*DATA FOR THIS EXERCISE*.
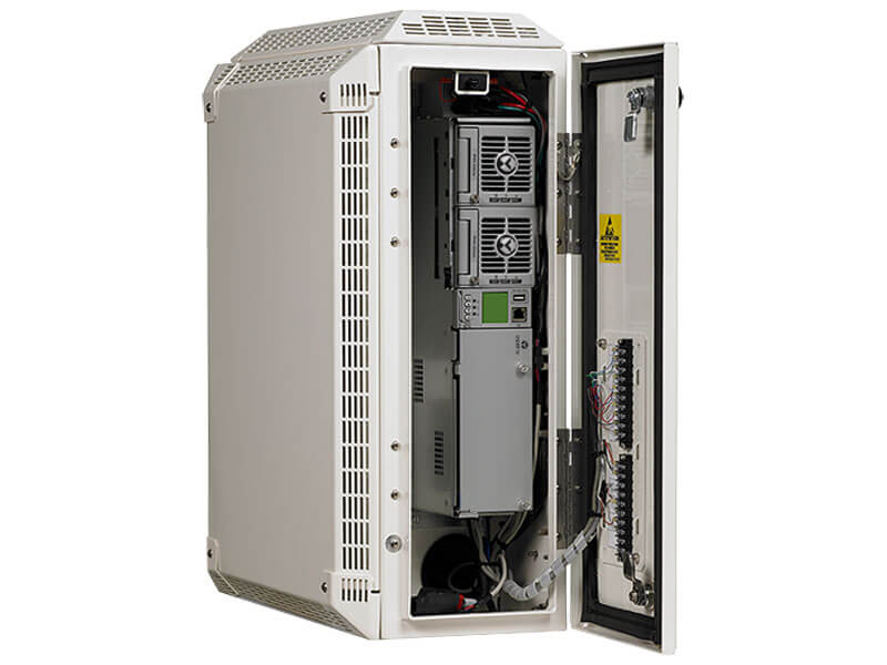 Integrated Netsure 502 DC power delivering up to 2325 watts of power designed to fully power multiple remote radio heads Supports Ethernet and SNMP communication protocol Pole, pad, H-Frame or wall mounted Optional solar shields for high temperature applications Accomodates 48V strings of Ni-Cd or VRLA batteries
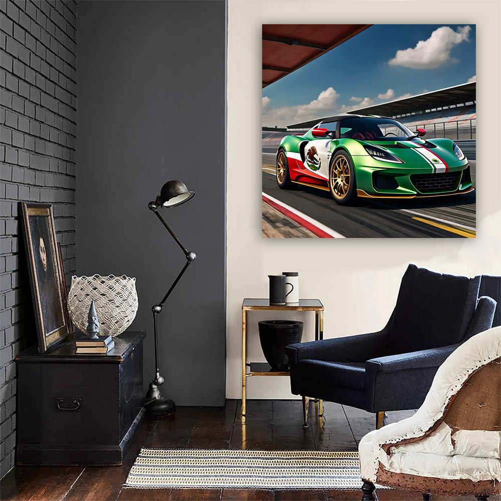Mexican Flag-Adorned Green Lotus Exige - Speed and Style Wall Art
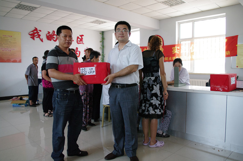 小分队首先来到了合心镇下属的新农家村。在村委员会,村党支部书记刘玉成代表新农家村接受了白求恩医公司捐赠的药品,并对小分队的到来表示感谢。之后,小分队的成员对村民进行了医疗服务,发放了药品,介绍了健康常识和用药知识,受到村民的欢迎。医疗服务结束后,小分队参观了新农家村的果蔬生产基地。
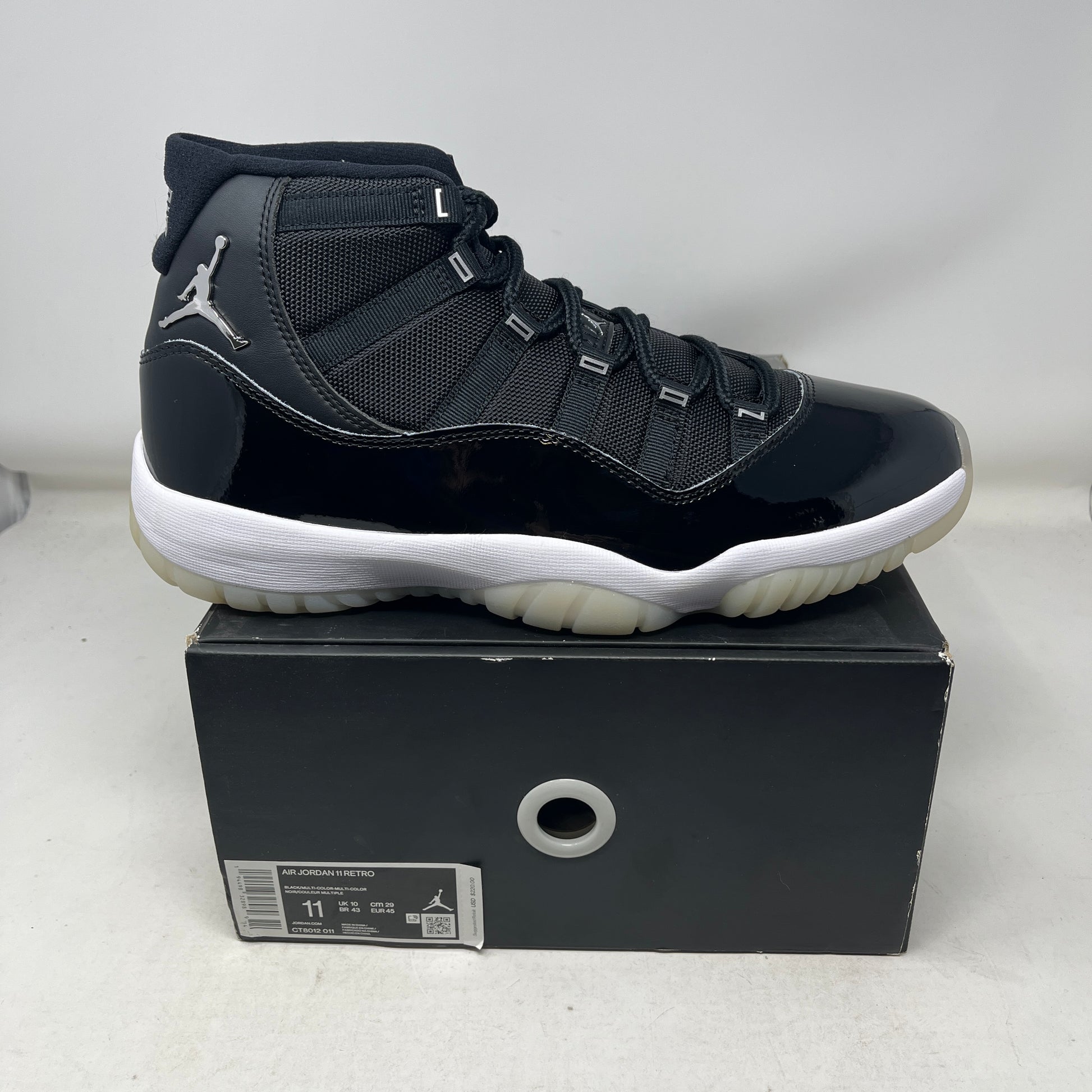 Authentic Jordan 11 Retro "Jubilee 25th Anniversary" in men's size 11. This pair is new and features the celebratory 25th anniversary colorway with white ballistic mesh upper, metallic silver patent leather overlays, classic Jumpman branding, translucent outsole, and full-length Air cushioning honoring the iconic Jordan 11 legacy.
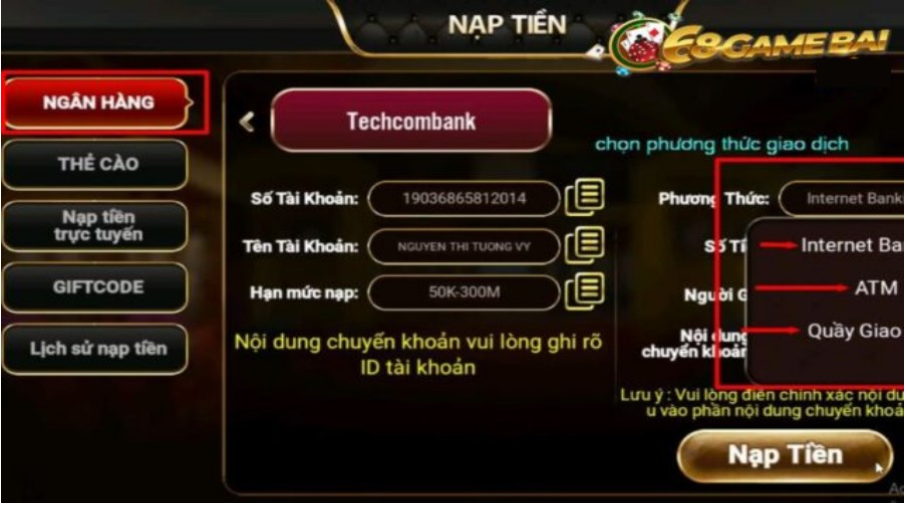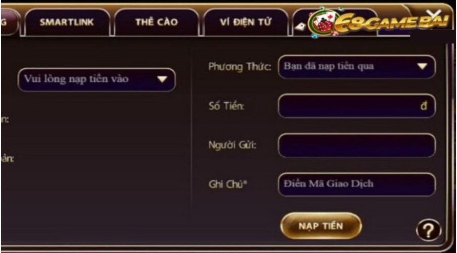 68 Game Bài rồi click vào “nạp tiền” và điền các thông tin sau:
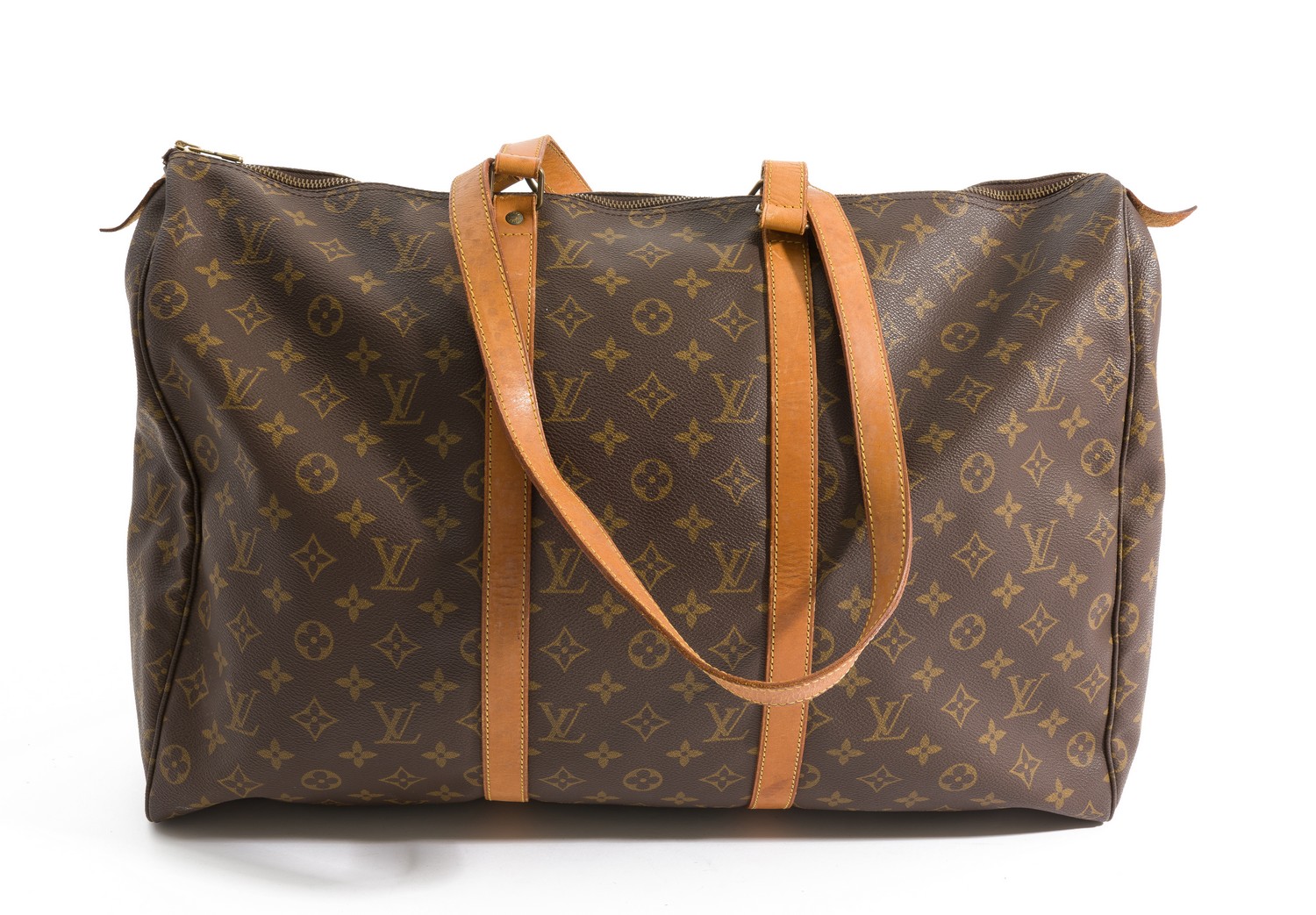 Styled in monogram canvas with tan leather straps and gold metal hardware, 50 x 36 x 14cm.

*WORK TO COMPLETE*.
All that should be returned is the run of lines from the start of the entries above to the line bearing "Mexican Flag-Adorned Green", each exact, with pictures omitted.

*RESPONSE*.
 Integrated Netsure 502 DC power delivering up to 2325 watts of power designed to fully power multiple remote radio heads Supports Ethernet and SNMP communication protocol Pole, pad, H-Frame or wall mounted Optional solar shields for high temperature applications Accomodates 48V strings of Ni-Cd or VRLA batteries
Mexican Flag-Adorned Green Lotus Exige - Speed and Style Wall Art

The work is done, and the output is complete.